* WHAT YOU NEED TO DO
Exclude the pictures and transcribe the rest of the data below exactly.

[[ STUDY MATERIAL open ]]

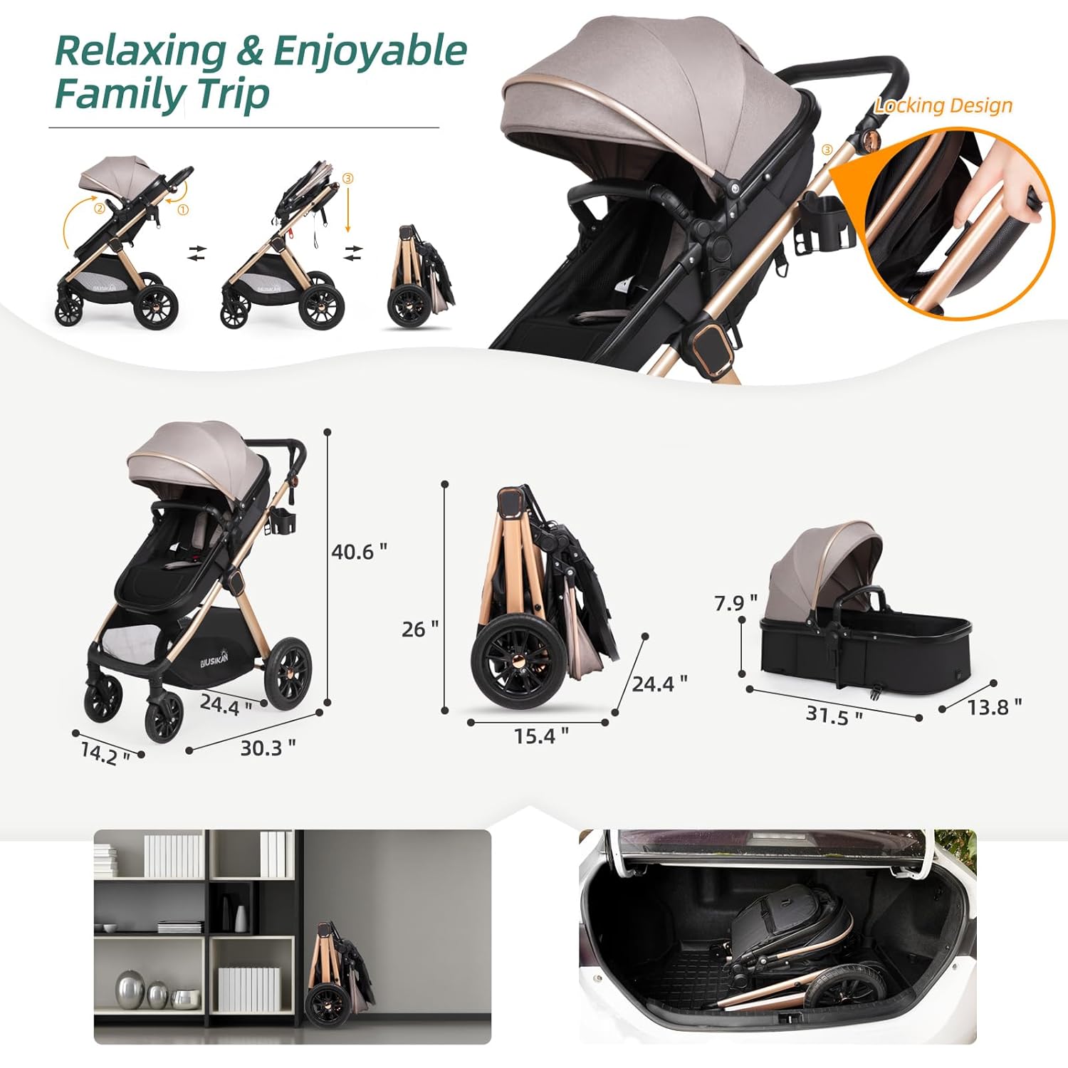 BIUSIKAN’s 6-in-1 convertible bassinet baby stroller evolves with your baby, blending comfort, safety, and effortless convenience into every cherished outing.
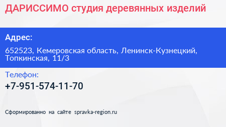 ДАРИССИМО, студия деревянных изделий по адресу 652523, Кемеровская область, Ленинск-Кузнецкий, Топкинская, 11/3 в дальнейшем Организация, размещена в следующих категориях:
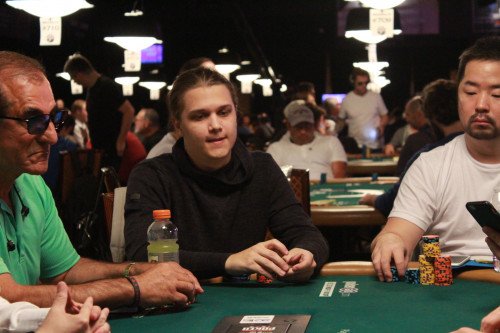 Patrick Nordgren var en av svenskarna vi missade under första dagens spel. Jag pratade kort med honom innan spelstart, och han berättade att han inte spelat mycket live utöver lite inhopp på kasinot i Malmö. Detta är hans första main event, och han tog sig igenom första dagen med ungefär det han började turneringen med.
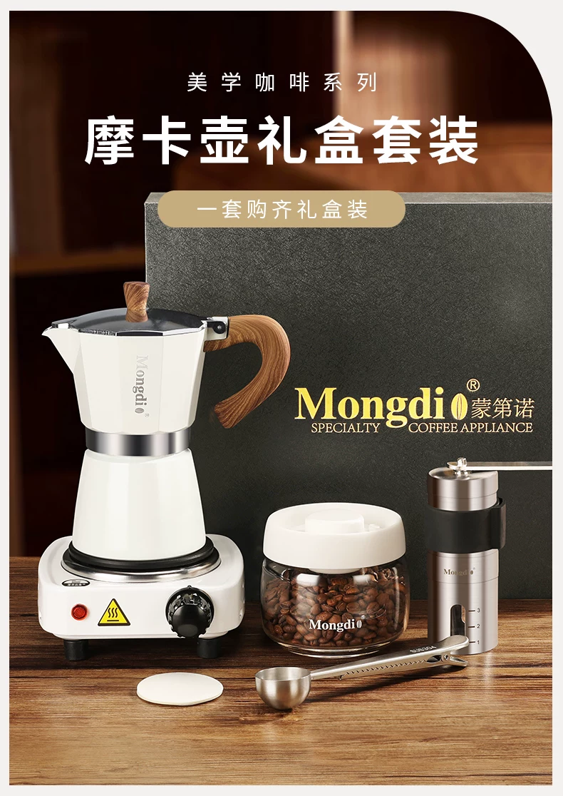 Bộ hộp quà tặng Moka pot Mongdio máy pha cà phê tại nhà máy pha cà phê espresso thủ công máy xay cầm tay
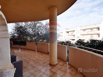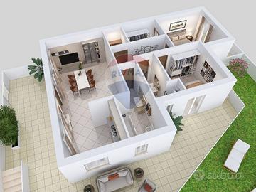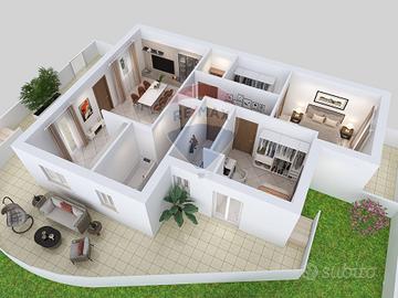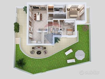Appartamento a piano rialzato con ingresso indipendente di 3 vani più doppi accessori di mq 98 circa, e spazi esterni (veranda) di mq 260 circa composta da: ingresso, salone cucina open-space, disimpegno, una camera da letto singola, una camera da letto matrimoniale, due bagni.
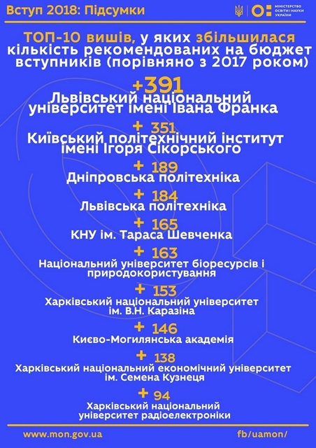 Министр образования и науки Лилия Гриневич огласила список высших учебных заведений, в которых увеличилось количество бюджетных мест.
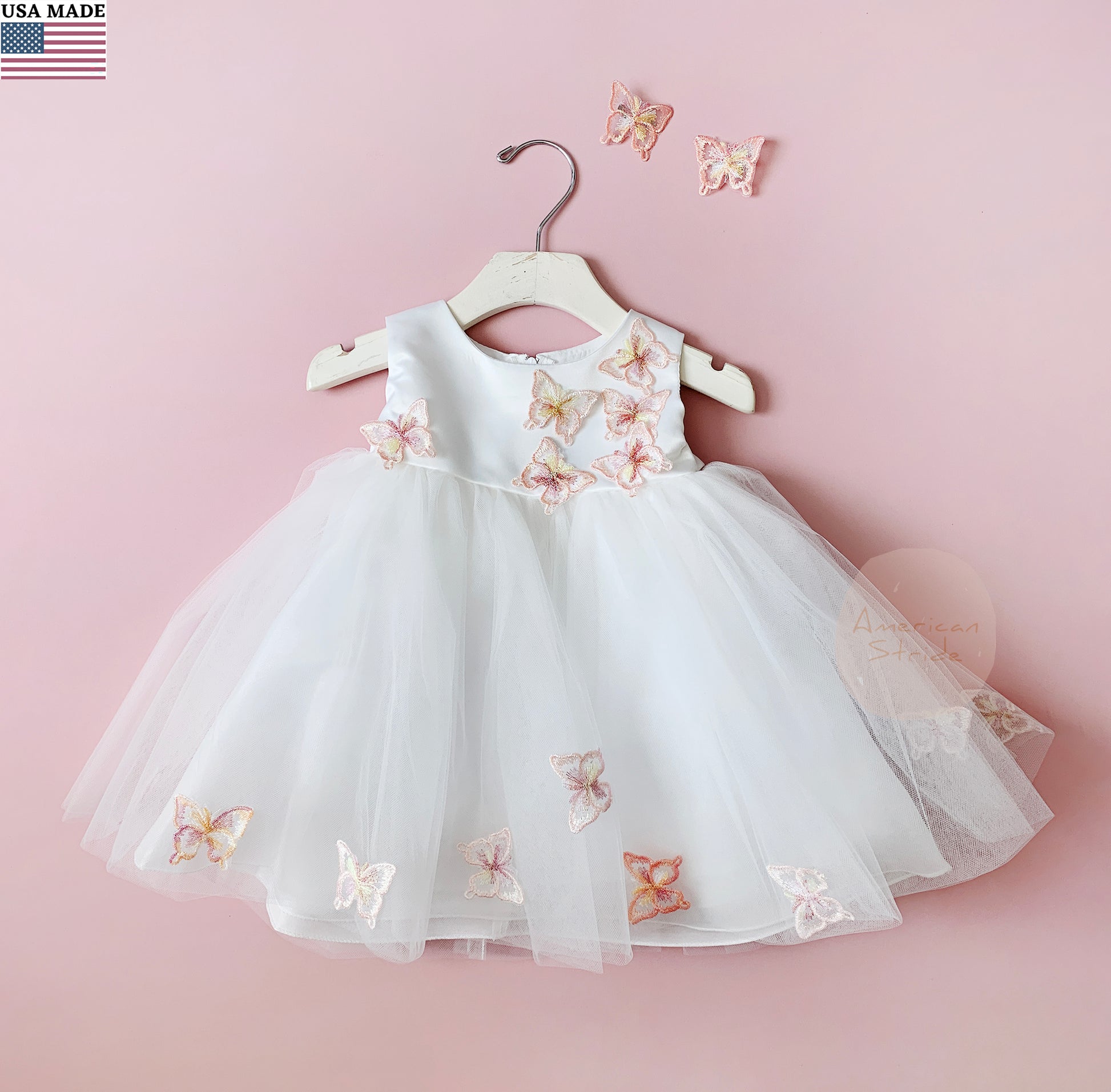 USA Made | Baby Butterfly Dress with Matching Hair Clips | Toddler Satin & Tulle Flower Girl Dress | Birthday Parth Dress

[[ STUDY MATERIAL closed ]]

* RESPONSE AREA
 BIUSIKAN’s 6-in-1 convertible bassinet baby stroller evolves with your baby, blending comfort, safety, and effortless convenience into every cherished outing.
 ДАРИССИМО, студия деревянных изделий по адресу 652523, Кемеровская область, Ленинск-Кузнецкий, Топкинская, 11/3 в дальнейшем Организация, размещена в следующих категориях:
 Patrick Nordgren var en av svenskarna vi missade under första dagens spel. Jag pratade kort med honom innan spelstart, och han berättade att han inte spelat mycket live utöver lite inhopp på kasinot i Malmö. Detta är hans första main event, och han tog sig igenom första dagen med ungefär det han började turneringen med.
 Bộ hộp quà tặng Moka pot Mongdio máy pha cà phê tại nhà máy pha cà phê espresso thủ công máy xay cầm tay
Appartamento a piano rialzato con ingresso indipendente di 3 vani più doppi accessori di mq 98 circa, e spazi esterni (veranda) di mq 260 circa composta da: ingresso, salone cucina open-space, disimpegno, una camera da letto singola, una camera da letto matrimoniale, due bagni.
 Министр образования и науки Лилия Гриневич огласила список высших учебных заведений, в которых увеличилось количество бюджетных мест.
 USA Made | Baby Butterfly Dress with Matching Hair Clips | Toddler Satin & Tulle Flower Girl Dress | Birthday Parth Dress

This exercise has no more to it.